X_train,X_test,y_train,y_test = train_test_split(mat_descriptor,label,test_size=0.1,random_state=33)
pipeline = Pipeline(steps=steps)
pipeline.fit(X_train,y_train)
y_pred = pipeline.predict(X_test)

from sklearn.metrics import accuracy_score
y_pred_score = accuracy_score(y_test,y_pred)
print(y_pred_score) #0.3

模型增加+数据获取分离:

获取数据(记得填上自己的API_KEY):

from pymatgen import MPRester
from pymatgen import Composition, Element
import itertools
import random
import numpy as np
import pandas as pd

API_KEY = ''  ##Materialsproject自己号带的


def que_p(target):  # 分子式,比如Fe2O3
    a = MPRester(API_KEY)
    data = a.get_data(target, data_type='vasp')
    return data


elements = ["H", "Li", "Be", "C", "N", "O", "Na",
            "Mg", "Al", "Si", "P", "S", "K", "Ca", "Sc", "Ti",
            "V", "Cr", "Mn", "Fe", "Co", "Ni", "Cu", "Zn", "Ga", "Ge", "As",
            "Se", "Br", "Rb", "Sr", "Y", "Zr", "Nb", "Mo", "Tc", "Ru",
            "Rh", "Pd", "Ag", "Cd", "In", "Sn", "Sb", "Te", "Cs",
            "Ba", "La", "Ta", "W", "Re", "Os"]

# 两两组合,共1326个
complex = list(itertools.combinations(elements, 2))
# 随机取complex中的300个
count = input("Please input complex-sample count:")
complex_picked = random.sample(complex, int(count))

# 这里不需要给到具体的式量,
# pymatgen 会直接爬由这两个元素组成的所有分子式量组合的化合物
# 比如你输入FeO会自动把Fe2O3Fe3O4之类的一系列东西全爬下来。

# 把元素组合整理成pymatgen 能接受的形式之后丢进去就行。

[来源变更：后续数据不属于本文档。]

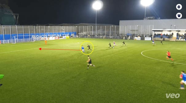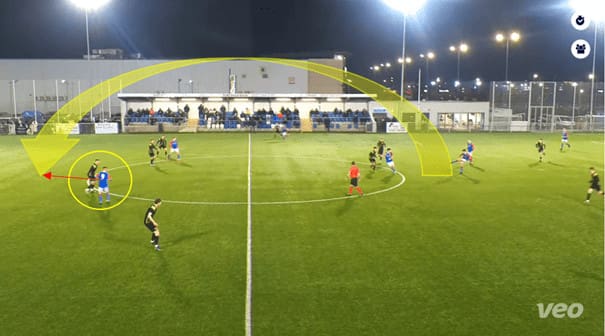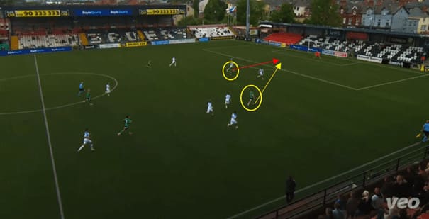 This creates the space behind the opposition’s defence, allowing Graham to slip in his teammate, who is advancing.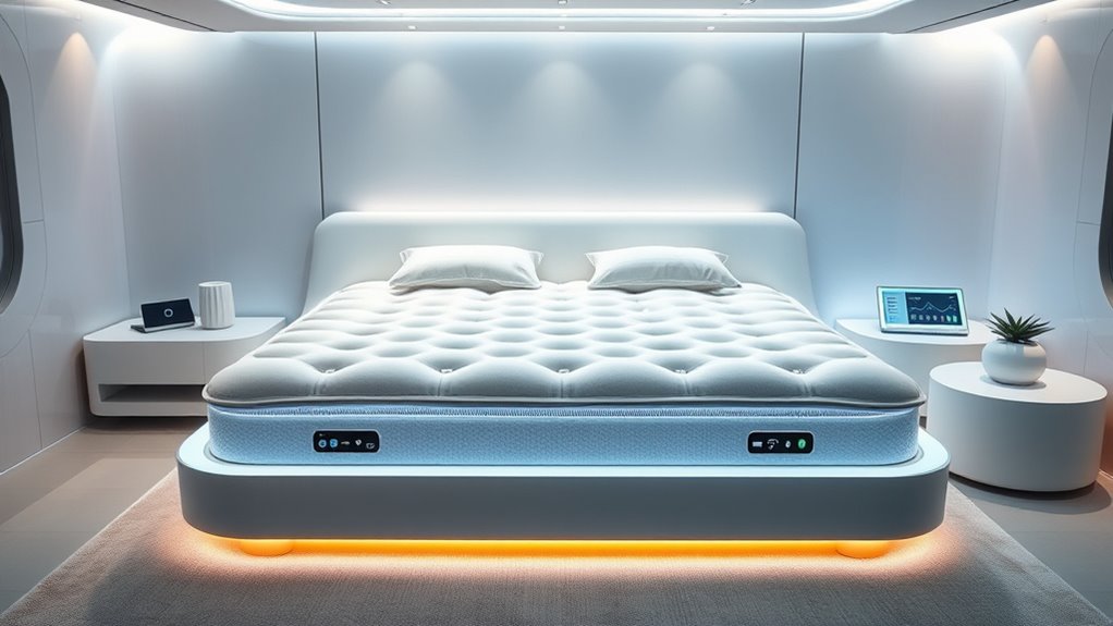 If you’re curious about the best smart beds and mattresses for 2025, I’ve got you covered. From hybrid mattresses with pocket springs and CertiPUR-US certification to adjustable beds with customizable positions, heated mattress pads, and supportive foundations, there’s a perfect sleep solution for everyone. These options offer comfort, support, and tech features to enhance your sleep quality. Keep exploring to discover the top choices to transform your nights into restful, rejuvenating experiences.

我这里只用了结构式和晶系这两个数据。
system = list(map(lambda x: complex_picked[x][0] + '-' + complex_picked[x][1], np.arange(len(complex_picked))))
cnt=0*1
def que(x):
    a = MPRester(API_KEY)
    data = a.query(criteria=x, properties=["unit_cell_formula", "pretty_formula", "spacegroup"])
    return data


# 之后开干用for循环
data = []
valid_num = []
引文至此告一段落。